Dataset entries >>
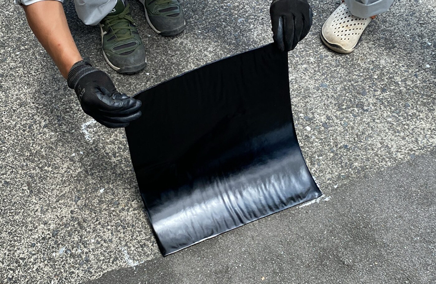 シート形状で補修箇所において加熱するだけ。特殊な技術が不要です。
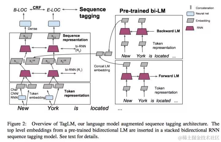这个时候该句子经过预训练好的两个RNN网络,得到New的前后RNN输出表示,与之前的网络隐层进行拼接,输入到第二层RNN网络中,进行序列标注。
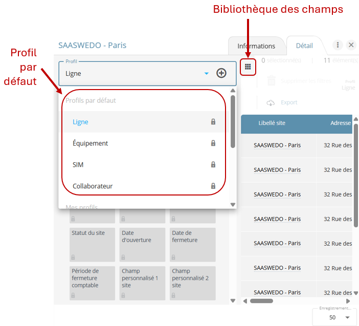 Plusieurs 'Profil" par défaut sont proposés via la bibliothèque des champs pour focaliser les informations du tableau autour d'un type d'objet en particulier :
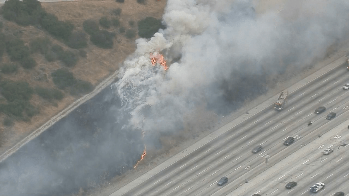 El incendio quemó hierba a lo largo de la autopista 405. Crédito: Kevin Takumi (Twitter)
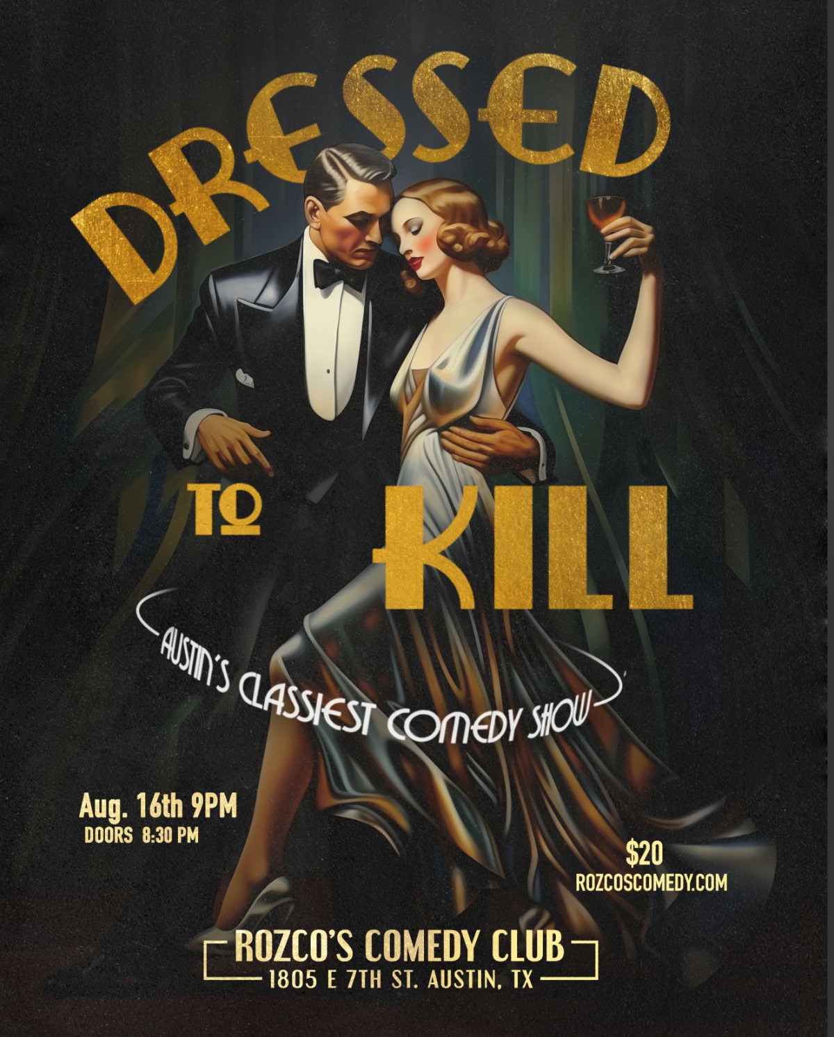 Grab your favorite sport coat and heels for Austin’s classiest comedy night, Dressed to Kill. The show is a throwback to the era of strong drinks, smoky lounges, and lewd humor. Expect your favorite comics in town dressed to the nines - guys in suits, gals in cocktail dresses, guys in cocktail dresses, gals in suits; whatever we’re not here to judge how someone gets fancy. We just tell em’ to bring their good shoes.

About this exercise >>
Up to and including the line with "El incendio quemó", repeat every line from the top of the entries exactly, but not the pictures.

Output >>
 シート形状で補修箇所において加熱するだけ。特殊な技術が不要です。
这个时候该句子经过预训练好的两个RNN网络,得到New的前后RNN输出表示,与之前的网络隐层进行拼接,输入到第二层RNN网络中,进行序列标注。
 Plusieurs 'Profil" par défaut sont proposés via la bibliothèque des champs pour focaliser les informations du tableau autour d'un type d'objet en particulier :
 El incendio quemó hierba a lo largo de la autopista 405. Crédito: Kevin Takumi (Twitter)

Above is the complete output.